THE Global Justice Movement Website

THE Global Justice Movement Website
This is the "Global Justice Movement" (dot org) we refer to in the title of this blog.

Wednesday, June 4, 2014

“Allowed Expedients”, Part II: The Problem of State Usury


To be clear on how a State can justify redistribution in an emergency, we need to understand how that same State can justify paying interest (usury) on non-productive government debt.  First, we need to look at whether either redistribution or State usury can in any way be considered “distributive justice.”

Does government payment of interest on its debt come under distributive justice?  Weeeeeell, sort of.  It’s a distribution by the State, so, stretching a point pretty much past the breaking, yes, you could say it comes under distributive justice.  Putting it that way, however, is extremely misleading.  For one thing, it confuses justification (a rationale), with justice (a virtue).

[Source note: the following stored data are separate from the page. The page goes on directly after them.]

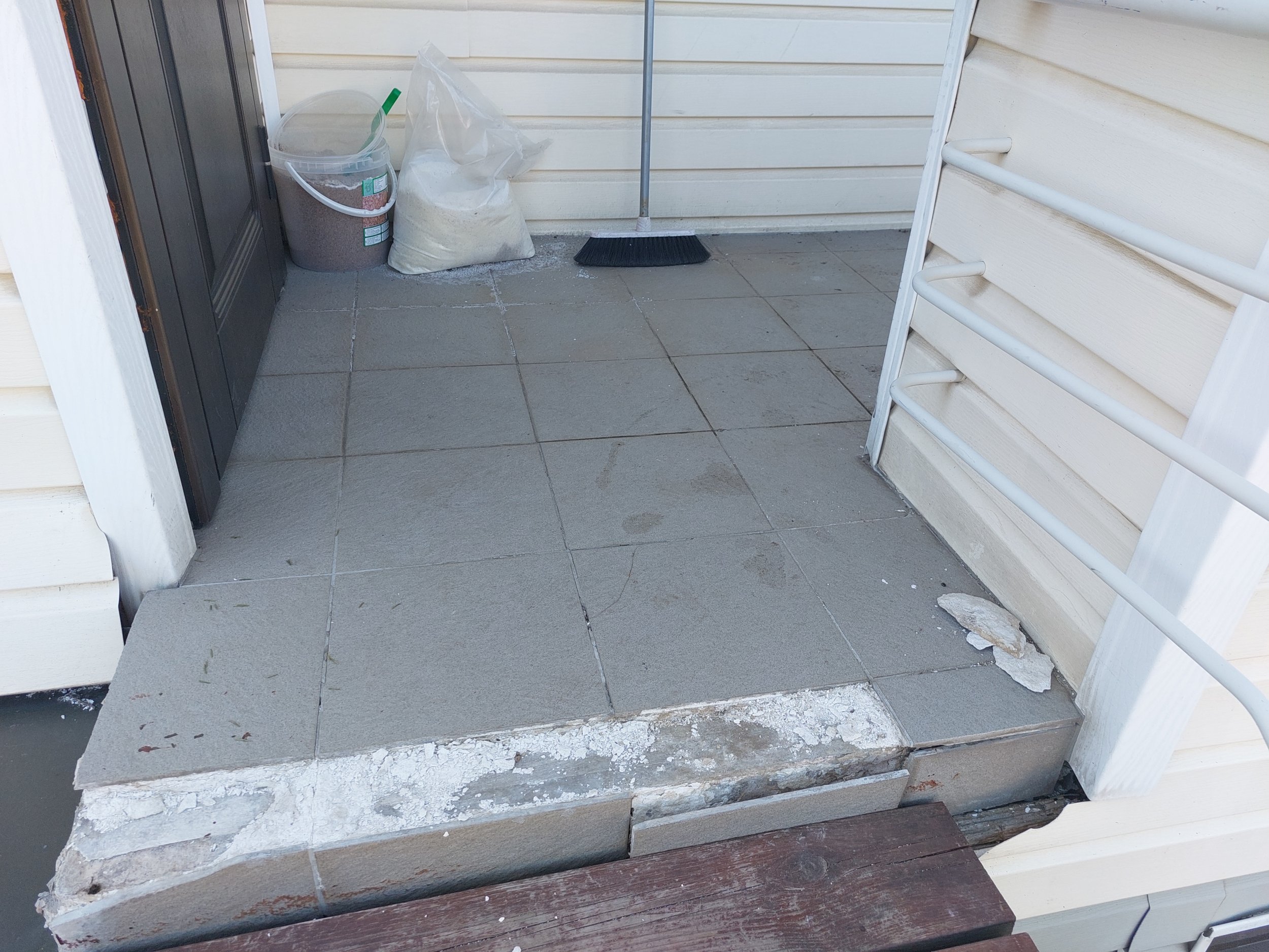 Vaja eemaldada veranda vanad plaadid, teha hüdroisolatsioon ja paigaldada uued plaadid.
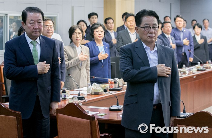 (서울=포커스뉴스) 22일 오전 서울 여의도 국회 의원회관에서 열린 국민의당 18차 정책역량강화 워크숍에 참석한 박주선(왼쪽) 국회 부의장과 박지원 원내대표 등 의원들이 국기에 대한 경례를 하고 있다.
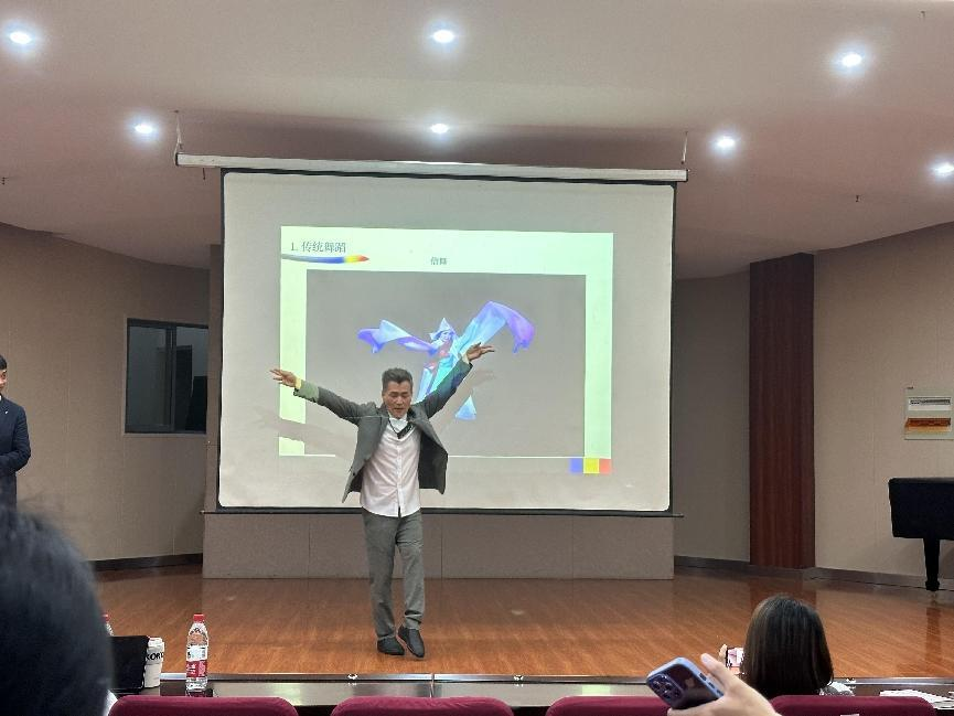 6月25日上午,金教授为新葡的京官网师生进行了题为:“韩国创作舞蹈的发展历程——以金龙喆舞剧《夜镜台》为例”的讲座。讲座中,金龙喆教授分别从传统舞蹈、新舞蹈、创作舞蹈和个人研究,四个方面向师生们展示了韩国创作舞蹈的发展历程。此外,金教授通过现场表演韩国不同舞蹈形式的舞段,使在场师生对韩国传统舞蹈、新舞蹈和创作舞蹈各自的舞蹈特色一目了然,从而能够清晰地区别三种舞蹈在表演上的异同。金教授优美、细腻的表演也征服了在场师生,他精湛的舞艺令人惊叹。最后,金教授以自己创作的舞剧《夜镜台》为例,对如何将韩国传统舞蹈中的元素运用于创作舞蹈中进行分析。金教授是韩国创作舞蹈的第三代编导中的代表人物之一,在1992年成立了自己的舞团(金龙喆舞蹈团),致力于韩国舞路的创作化,艺术化和大众化,探寻亚洲文化与韩国民族精神的融合。他的舞剧《夜镜台》刻画了韩国现代人们的生活和形象,对生命轮回进行了超越“未来”的传统意义的再闸释。
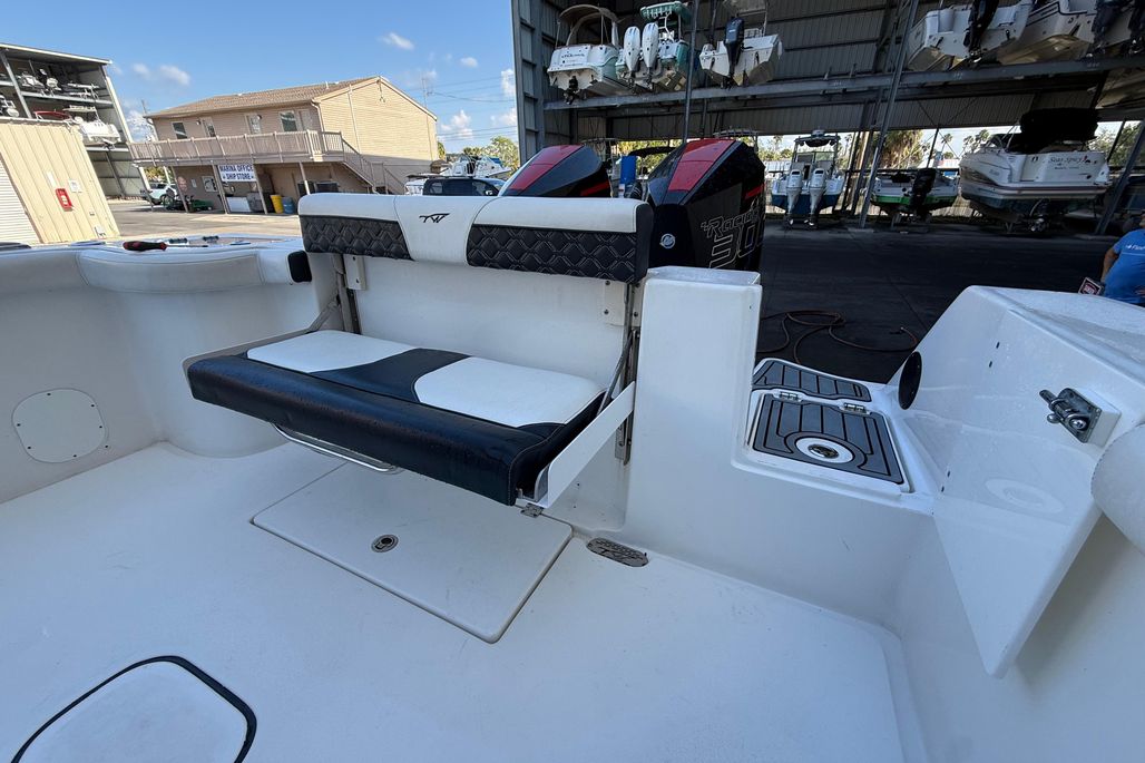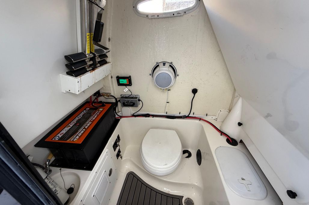 Fishing & Deck Systems • Taco Grand Slam 280 outriggers — top-mount with 15’ telescoping poles (tournament-capable spread) • Large insulated fish boxes and roomy livewell • Multiple rod holders and integrated rod storage throughout the gunwales and leaning post • Electric windlass anchor — rapid, reliable anchoring for reef/wreck or family anchoring stops • Lumitec SeaBlaze RGBW underwater lights for night fishing and ambiance • 3-bank battery charger and well-configured electrical system
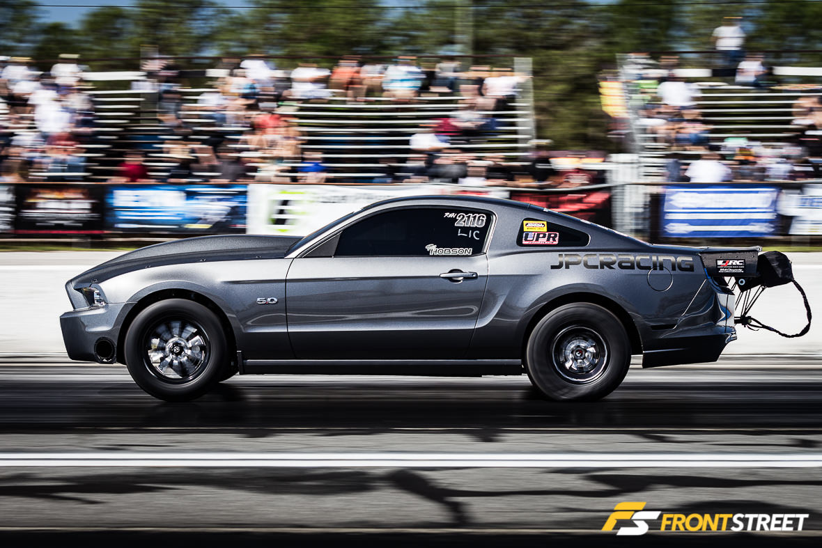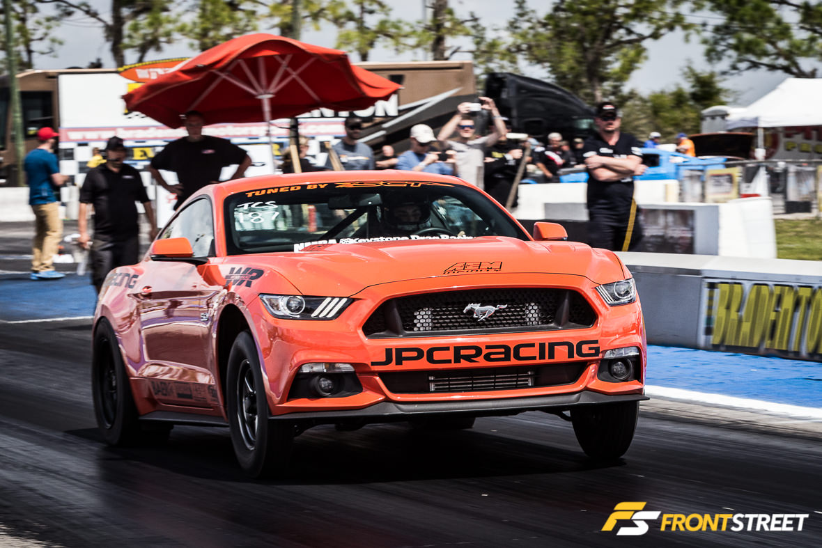 John Kauderer has been racing his Cobra Jet Mustang in the Coyote Modified class for some time now; with the help of the fine folks at JPC Racing, he finally found his way to a win this weekend. Last year, Kauderer stood the car up on the bumper with a monster wheelstand at the Maple Grove race and damaged the engine upon returning to earth. A new engine from MMR found its way between the framerails, and the team got back to work, culminating in a satisfying performance in Florida.
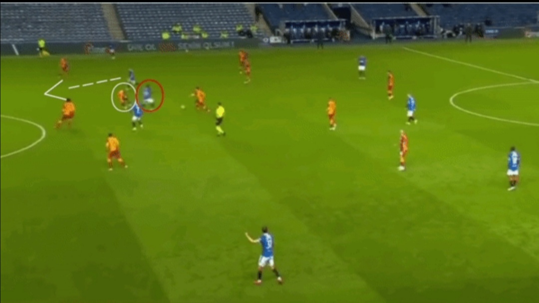 To progress to the Europa League group stages Rangers had to go through Galatasaray, once again it was the movement of Morelos dropping deep that pulled the CB out of position to create the space for Arfield to run into, Morelos’ dummy to Hagi also crucial:
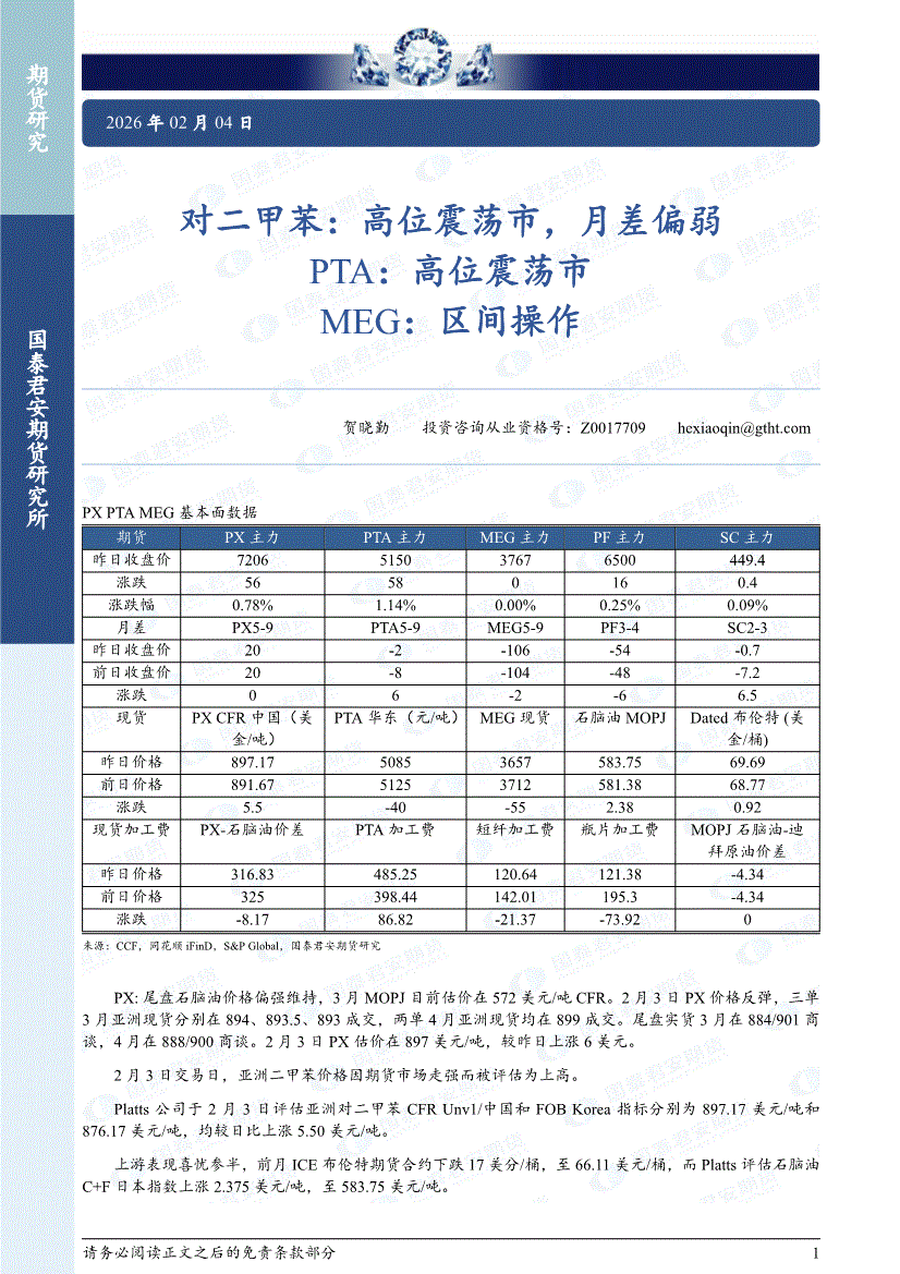 国泰君安期货-对二甲苯:高位震荡市,月差偏弱,PTA,高位震荡市,MEG,区间操作-260204
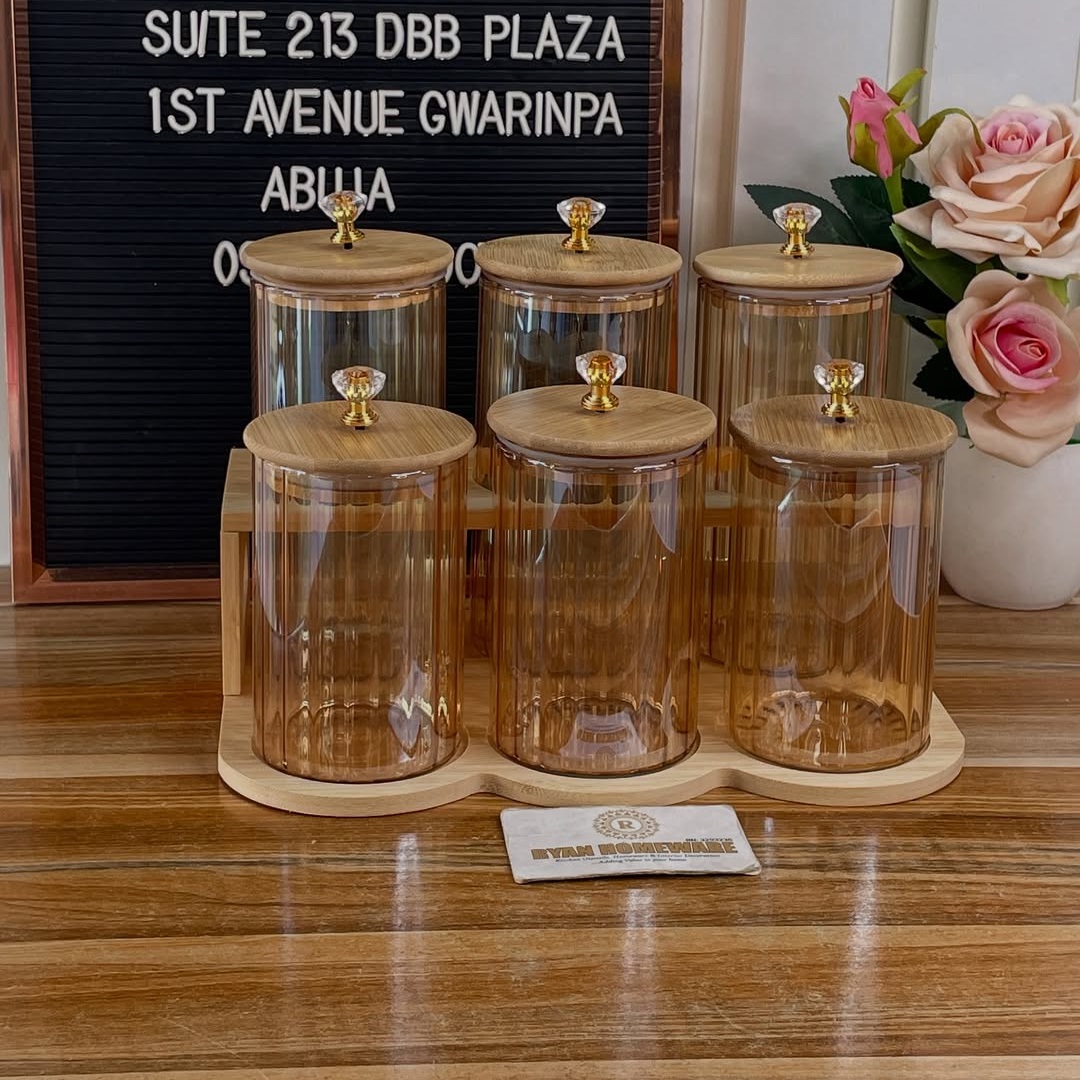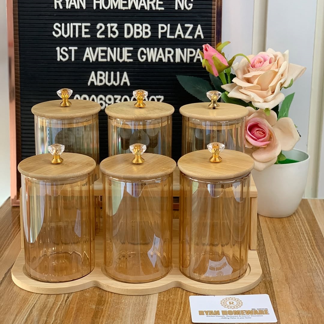 Add elegance and function to your kitchen or pantry with this premium 7-piece food storage container set. Crafted from high-quality, amber-toned glass with beautifully designed wooden lids and gold-accented crystal knob handles, these containers bring luxury and practicality together.
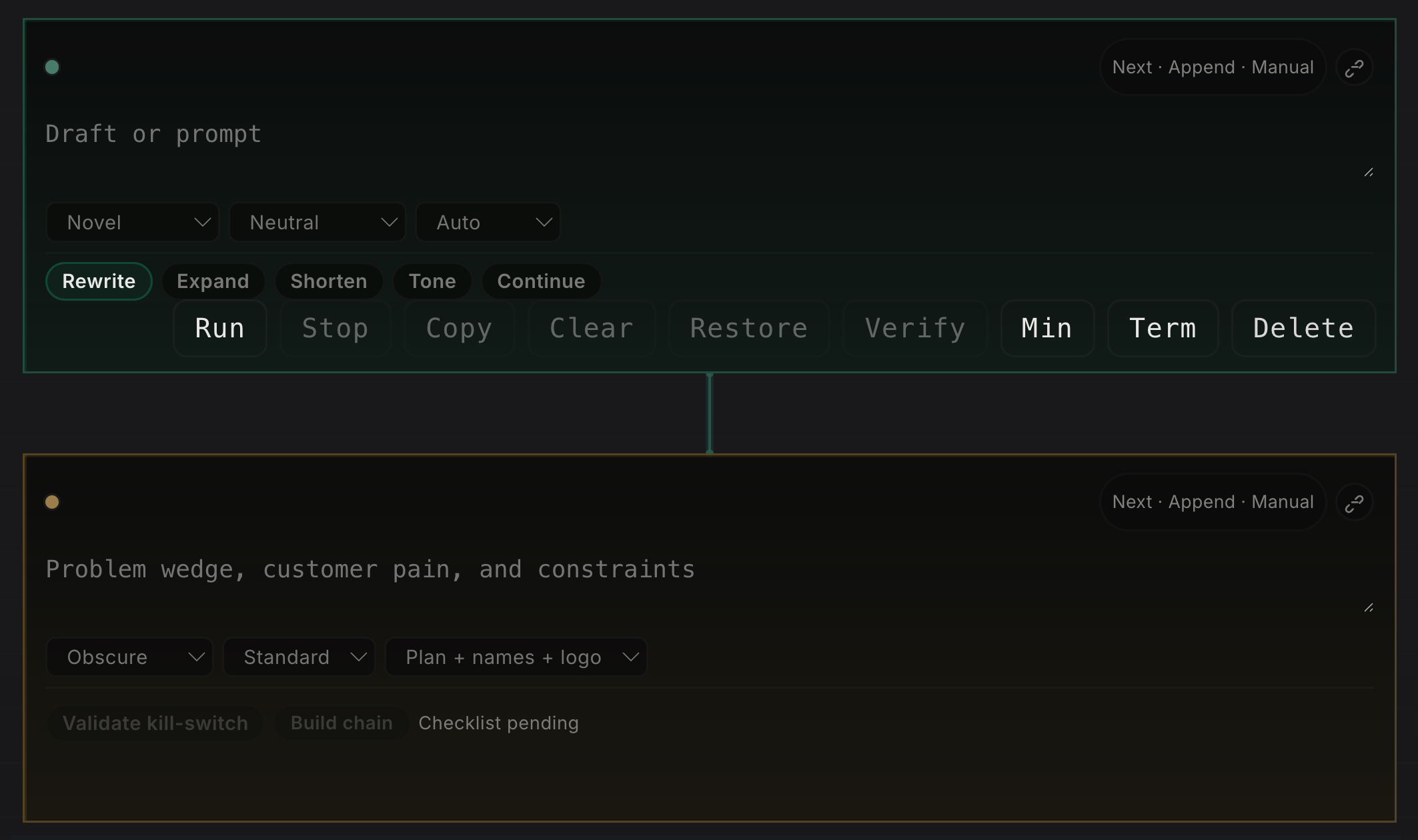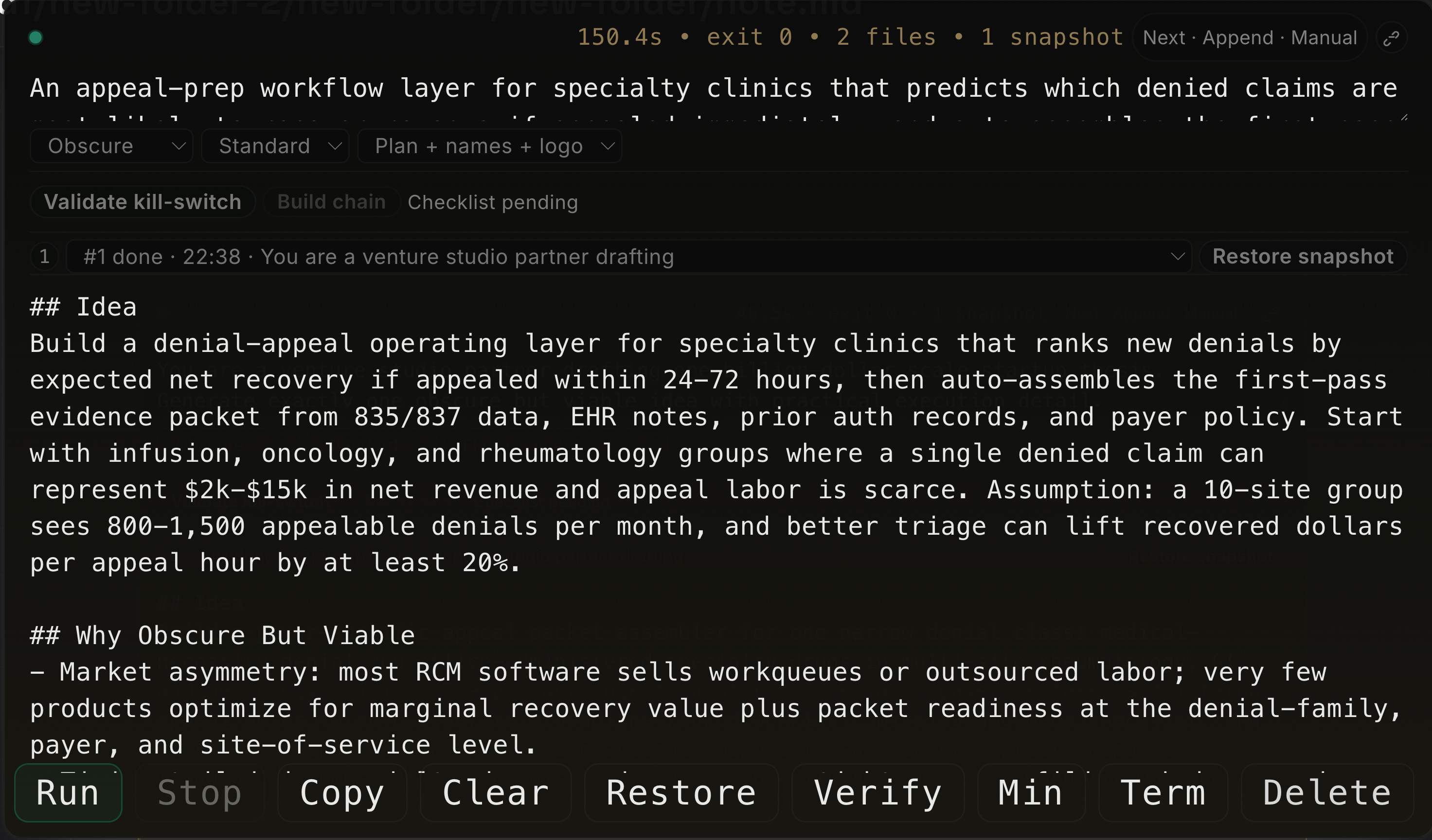 The idea cell is for generating a startup or product thesis from a specific context. It is not just a brainstorming box. It expects a market or workflow prompt and produces a constrained output: the idea, why it might work, customer pain, business model, moat, a 90-day plan, risks, kill criteria, and a validation checklist. In other words, it forces the model to move past slogans and into testable claims. It is useful when the goal is not “be creative,” but “produce a thesis that can survive contact with reality.”

That is why Aquinas justified payment of interest on government debt as an allowed expedient in an emergency.  It is clearly not justice, and does not, strictly speaking, belong under distributive justice — or any other kind of justice or virtue.  Aquinas’s argument from the Summa Theologica is as follows:

“Reply to Objection 3. Human laws leave certain things unpunished, on account of the condition of those who are imperfect, and who would be deprived of many advantages, if all sins were strictly forbidden and punishments appointed for them. Wherefore human law has permitted usury, not that it looks upon usury as harmonizing with justice, but lest the advantage of many should be hindered. Hence it is that in civil law [Inst. II, iv, de Usufructu] it is stated that ‘those things according to natural reason and civil law which are consumed by being used, do not admit of usufruct,’ and that ‘the senate did not (nor could it) appoint a usufruct to such things, but established a quasi-usufruct,’ namely by permitting usury.” (IIa IIae, q. 71, a. 1)

Given that paying usury even on public debt cannot be considered just (and therefore is not distributive justice), how is it possible to justify it?  Let’s look over the conditions for the principle of double effect and see how (or if) they apply:

One, the act must not be evil in and of itself.

This is easy to answer.  Taking a profit from something that generates a profit is, assuming that the profitable activity is otherwise morally good or indifferent, a clear and positive good.  It is safe to conclude, then, that paying or making a profit is not unjust.

Pope Benedict XIV made this clear in his 1746 encyclical, Vix Pervenit: “On Usury and Other Dishonest Profit.”  [Emphasis added.]  The existence of a dishonest profit necessarily implies that there can be honest profit.  Profit, therefore, is not in and of itself evil.

Heinrich Rommen made a similar point in his book on the natural law with respect to the legitimacy of private property.  As he explained, the universal prohibition against theft, e.g., “Thou shalt not steal,” necessarily implies that private property pertains to the natural law and is therefore permanently and unconditionally valid.  Private property is not evil.  It is the misuse of private property that is evil.

Thus, paying usury on government debt (or taking it) is not objectively evil.  It is the fact that government debt is unproductive that makes paying interest on it wrong.

Two, the unintended evil must not be the means by which the good effect is attained.

Again, a no-brainer.  The good effect relating to paying usury on government debt is not attained by paying the usury.  The good effect — permitting the State to carry out its proper function — is attained by borrowing the money, not by paying the usury.  Were it possible for the State to borrow money (without coercion) without paying usury, e.g., public spirited citizens freely lending to the State without charging interest, then the issue would not come up.

(BTW, the proposal that the government could abolish taxes and avoid usury simply by printing the money it needs appears to be objectively evil, as it attains its goal only by abolishing private property and transferring value without the free consent of owners of monetary assets — stealing — by manipulating the currency.)

Three, the good effect must be what is intended.

Again, an easy pitch.  The State is not borrowing money to pay usury.  It is paying usury to be able to borrow money.

Four, the intended good must outweigh the unintended evil.

Maybe you have a different opinion, but as far as we can tell, the rather limited and non-objective evil of a government paying interest on the money it borrows is far outweighed by the fact that the government can thereby continue to do its job.  Without government, there would be anarchy, and that is hardly an acceptable state of affairs.